▸ **Task brief**
Copy the lines below word for word, skipping any image.

▸ **Source material**
Content starts
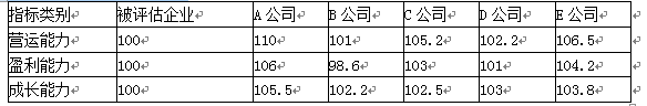 (3)根据H公司行业性质、企业资产构成与业务特点,确定价值比率为市净率P/B,并采用因素调整法对可比公司的价值比率进行调整。被评估企业和五家上市公司各因素评分情况如下:
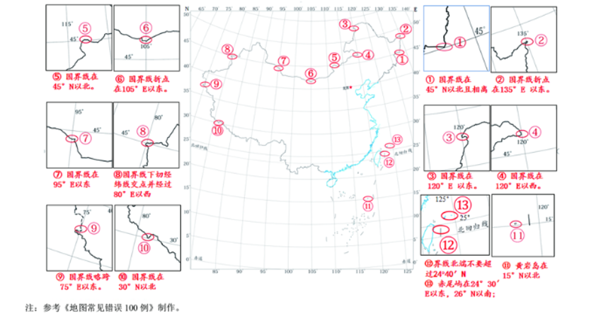 图25 国界线与经纬线关系典型错误样例
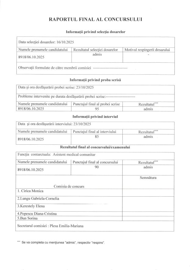 Raport final al concursului de recrutare 1 post de asistent medical comunitar
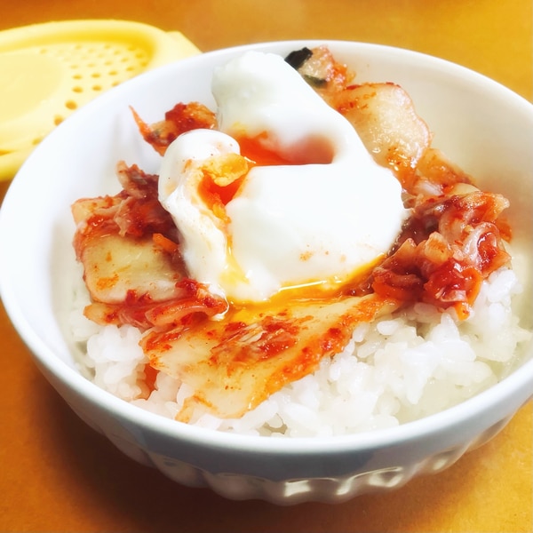 1分 朝ごはん・小腹満たし飯・キムチ・卵かけご飯。
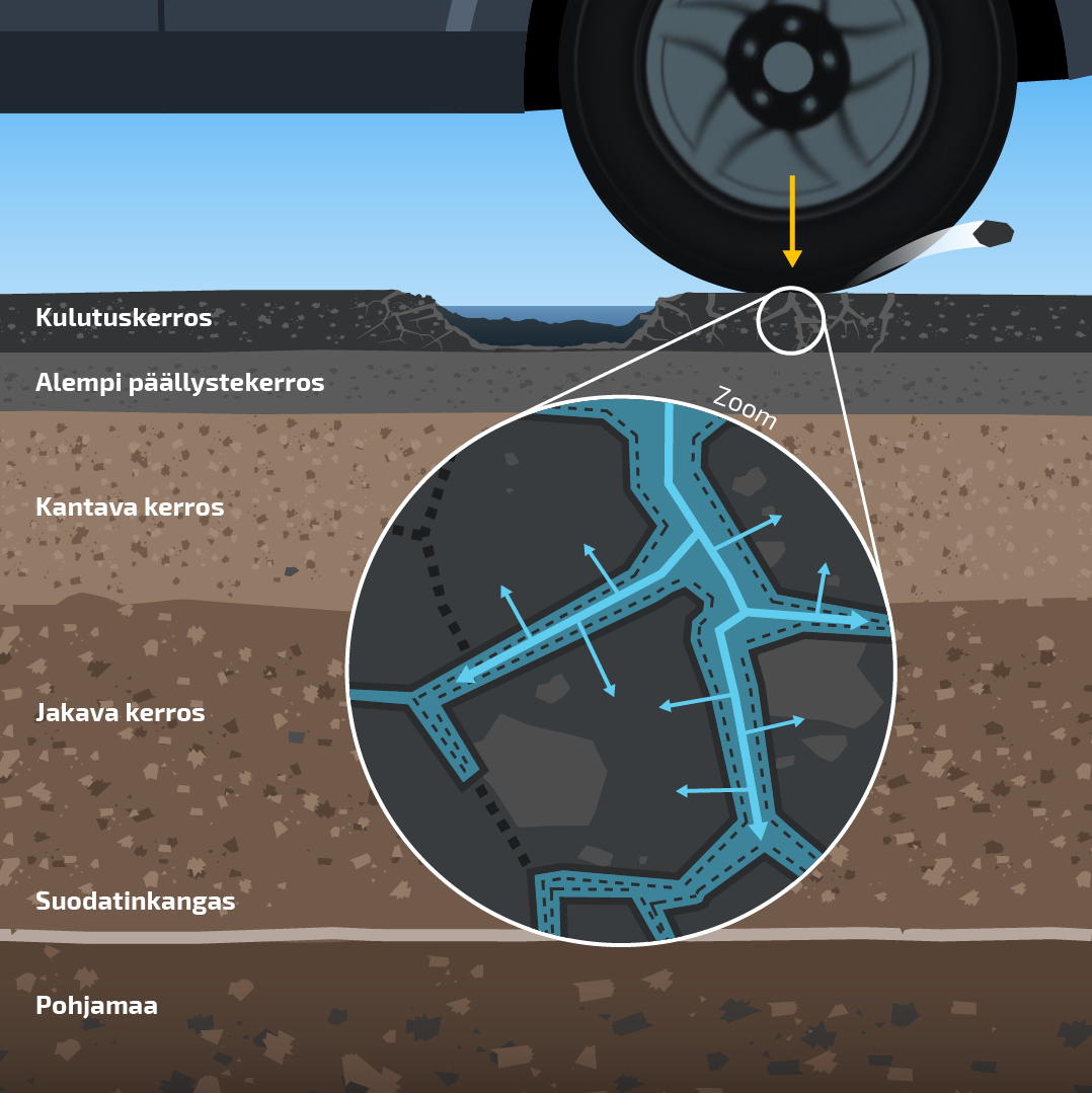 ”Runsaat sateet voivat vaurioittaa nopeasti päällysteitä ja tierakenteita, vaikka olemme tietoisesti panostaneet maanteiden kuivatukseen. Esimerkiksi paikkauksia pystytään korjaamaan pysyvästi vasta, kun tiet ovat täysin kuivia”, kertoo maanteiden hoidon johtava asiantuntija Otto Kärki Väylävirastosta.
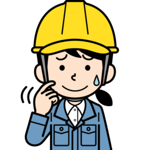 動揺して冷や汗をかくシンプルな現場監督の女性のイラストです。ポリポリ。。。
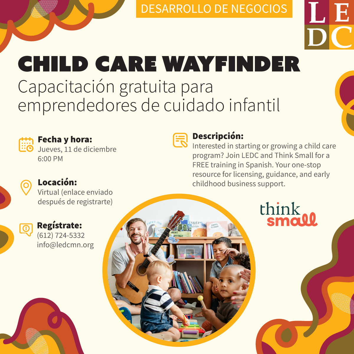 ¿Te interesa iniciar o hacer crecer un programa de cuidado infantil? Únete a LEDC y Think Small para una capacitación virtual GRATUITA en español, diseñada para emprendedores en el campo del cuidado infantil. Aprende cómo acceder a Child Care Wayfinder, un servicio integral que ofrece orientación sobre licencias, recursos y apoyo para propietarios de programas de primera infancia. Esta sesión es ideal para personas que desean abrir un programa de cuidado infantil o dueños actuales que buscan expandirse.
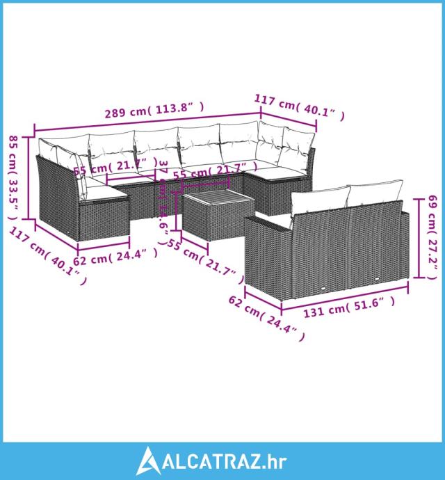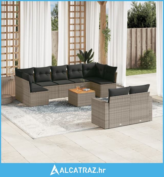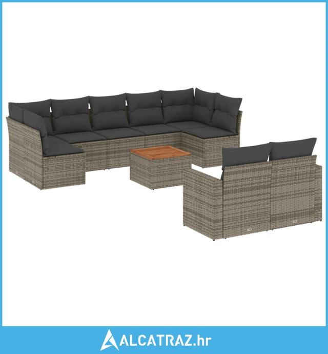 10-dijelni set vrtnih sofa od poliratana s jastucima sivi - NOVO
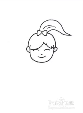 然后画出小女孩的五官表情,弯弯的眉毛,小鼻子和微笑的嘴巴。
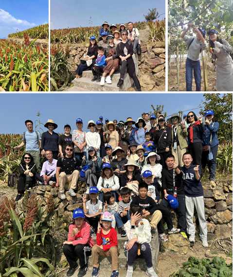 23日上午,团队从下沙校区出发经文一校区前往富阳新登黑山顶,黑山顶种植百亩红高粱梯田,沉甸甸的高粱穗子似点燃的一束束火把,与墨绿群山、蓝天白云构成一幅美丽的风景画。下午,团队前往基地采摘猕猴桃,沉甸甸的猕猴桃挂满枝头,彰显着丰收的硕果。老师们徜徉在秋景中,体验采摘的野趣,在繁忙的工作中短暂休整,为后续的工作加油注能。
Content ends
▸ **Task answer**
 (3)根据H公司行业性质、企业资产构成与业务特点,确定价值比率为市净率P/B,并采用因素调整法对可比公司的价值比率进行调整。被评估企业和五家上市公司各因素评分情况如下:
 图25 国界线与经纬线关系典型错误样例
 Raport final al concursului de recrutare 1 post de asistent medical comunitar
 1分 朝ごはん・小腹満たし飯・キムチ・卵かけご飯。
 ”Runsaat sateet voivat vaurioittaa nopeasti päällysteitä ja tierakenteita, vaikka olemme tietoisesti panostaneet maanteiden kuivatukseen. Esimerkiksi paikkauksia pystytään korjaamaan pysyvästi vasta, kun tiet ovat täysin kuivia”, kertoo maanteiden hoidon johtava asiantuntija Otto Kärki Väylävirastosta.
 動揺して冷や汗をかくシンプルな現場監督の女性のイラストです。ポリポリ。。。
 ¿Te interesa iniciar o hacer crecer un programa de cuidado infantil? Únete a LEDC y Think Small para una capacitación virtual GRATUITA en español, diseñada para emprendedores en el campo del cuidado infantil. Aprende cómo acceder a Child Care Wayfinder, un servicio integral que ofrece orientación sobre licencias, recursos y apoyo para propietarios de programas de primera infancia. Esta sesión es ideal para personas que desean abrir un programa de cuidado infantil o dueños actuales que buscan expandirse.
 10-dijelni set vrtnih sofa od poliratana s jastucima sivi - NOVO
 然后画出小女孩的五官表情,弯弯的眉毛,小鼻子和微笑的嘴巴。
 23日上午,团队从下沙校区出发经文一校区前往富阳新登黑山顶,黑山顶种植百亩红高粱梯田,沉甸甸的高粱穗子似点燃的一束束火把,与墨绿群山、蓝天白云构成一幅美丽的风景画。下午,团队前往基地采摘猕猴桃,沉甸甸的猕猴桃挂满枝头,彰显着丰收的硕果。老师们徜徉在秋景中,体验采摘的野趣,在繁忙的工作中短暂休整,为后续的工作加油注能。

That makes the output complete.